• Recorded information:
------------------------------------------------

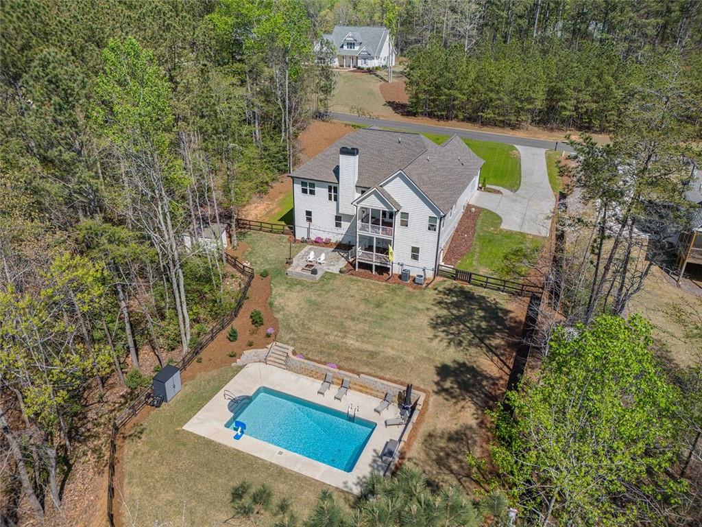 Welcome to this exceptional, move-in-ready home on over an acre of land, featuring an inviting in-ground saltwater swimming pool! Step inside to discover a spacious, open-concept floor plan with gleaming hardwood floors throughout. The formal dining room comfortably seats 8 or more, perfect for gatherings. The oversized living room is a showstopper with a stunning fireplace, custom bookshelves, and large windows that fill the space with natural light. The chef’s kitchen boasts beautiful countertops, stainless steel appliances, a cozy breakfast nook, and an expansive pantry. Enjoy outdoor living on the covered deck, ideal for grilling, sipping morning coffee, or simply unwinding. The convenient mudroom and laundry area are located on the main floor, just off the garage. The master suite is a true retreat, complete with a striking wooden ceiling, a barn door, and private access to the covered porch. The master bath features dual vanities, a soaking tub, a walk-in shower, and a spacious walk-in closet.The secondary bedrooms are thoughtfully designed with a split layout and share a full bath with a shower/tub combo. One of the secondary rooms even includes a built-in desk. Upstairs, you'll find a full bath, a bedroom, a versatile office/loft space, and ample storage.The fully finished terrace level is a standout, featuring hardwood floors throughout. It includes a large office, a bedroom, a full bath with a walk-in shower, a spacious living room, a game area, and a cozy movie room. The basement is plumbed and ready for a kitchen if desired. Step outside to the covered patio, overlooking the expansive backyard with rolling lawns and a 16x32 saltwater pool. The outdoor space is perfect for entertaining, with a built-in fire pit for roasting marshmallows and relaxing. The yard is fully fenced, and there’s additional storage with a shed. The home offers a 2-car garage and plenty of parking on the driveway. This home is bursting with charm and upgrades throughout – it’s a must-see!
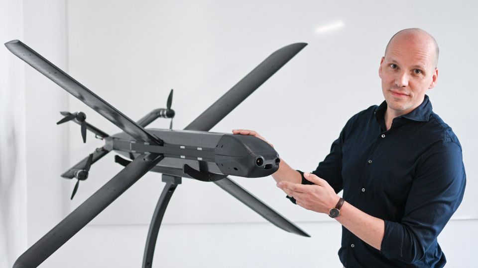 Helsing-Mitgründer Scherf mit Modell der aktuellen HX-2-Drohne: Die Ukraine noch besser unterstützen
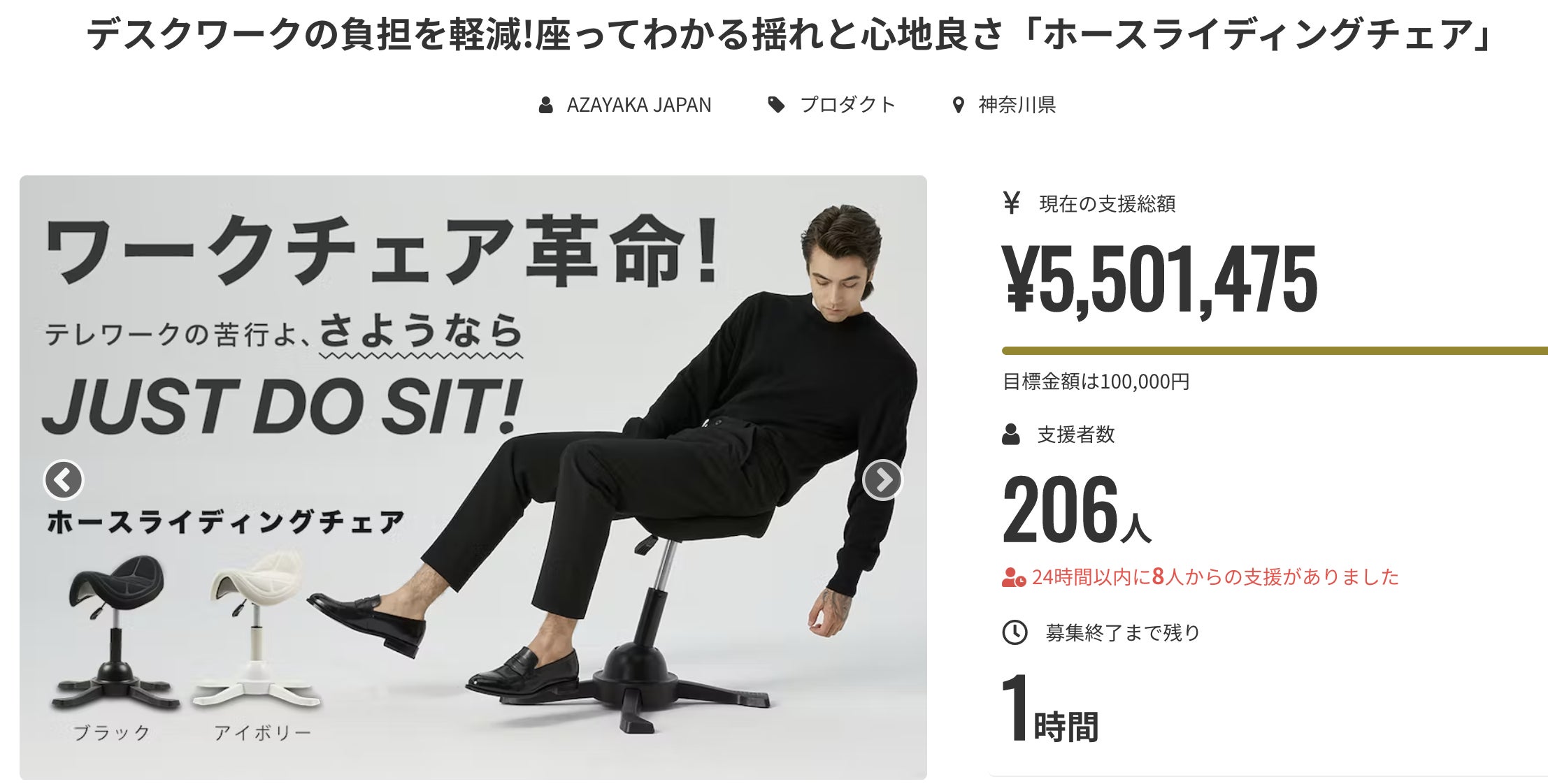 ホースライディングチェアキャンペーンはあと1時間で終了となります。現在【206名】のサポーター様にご支援いただいております。お力添えいただき誠にありがとうございます!ご購入を検討されているお客様、キャンペーンは本日23時59分にて終了となります。ラストチャンスでございます。ご検討よろしくお願い致します。デスクワークの負担を軽減!座ってわかる揺れと心地良さ「ホースライディングチェア」

------------------------------------------------

• Exercise directions:
Please output all of the data exactly as given, omitting any images it holds.

• Task answer:
 Welcome to this exceptional, move-in-ready home on over an acre of land, featuring an inviting in-ground saltwater swimming pool! Step inside to discover a spacious, open-concept floor plan with gleaming hardwood floors throughout. The formal dining room comfortably seats 8 or more, perfect for gatherings. The oversized living room is a showstopper with a stunning fireplace, custom bookshelves, and large windows that fill the space with natural light. The chef’s kitchen boasts beautiful countertops, stainless steel appliances, a cozy breakfast nook, and an expansive pantry. Enjoy outdoor living on the covered deck, ideal for grilling, sipping morning coffee, or simply unwinding. The convenient mudroom and laundry area are located on the main floor, just off the garage. The master suite is a true retreat, complete with a striking wooden ceiling, a barn door, and private access to the covered porch. The master bath features dual vanities, a soaking tub, a walk-in shower, and a spacious walk-in closet.The secondary bedrooms are thoughtfully designed with a split layout and share a full bath with a shower/tub combo. One of the secondary rooms even includes a built-in desk. Upstairs, you'll find a full bath, a bedroom, a versatile office/loft space, and ample storage.The fully finished terrace level is a standout, featuring hardwood floors throughout. It includes a large office, a bedroom, a full bath with a walk-in shower, a spacious living room, a game area, and a cozy movie room. The basement is plumbed and ready for a kitchen if desired. Step outside to the covered patio, overlooking the expansive backyard with rolling lawns and a 16x32 saltwater pool. The outdoor space is perfect for entertaining, with a built-in fire pit for roasting marshmallows and relaxing. The yard is fully fenced, and there’s additional storage with a shed. The home offers a 2-car garage and plenty of parking on the driveway. This home is bursting with charm and upgrades throughout – it’s a must-see!
 Helsing-Mitgründer Scherf mit Modell der aktuellen HX-2-Drohne: Die Ukraine noch besser unterstützen
 ホースライディングチェアキャンペーンはあと1時間で終了となります。現在【206名】のサポーター様にご支援いただいております。お力添えいただき誠にありがとうございます!ご購入を検討されているお客様、キャンペーンは本日23時59分にて終了となります。ラストチャンスでございます。ご検討よろしくお願い致します。デスクワークの負担を軽減!座ってわかる揺れと心地良さ「ホースライディングチェア」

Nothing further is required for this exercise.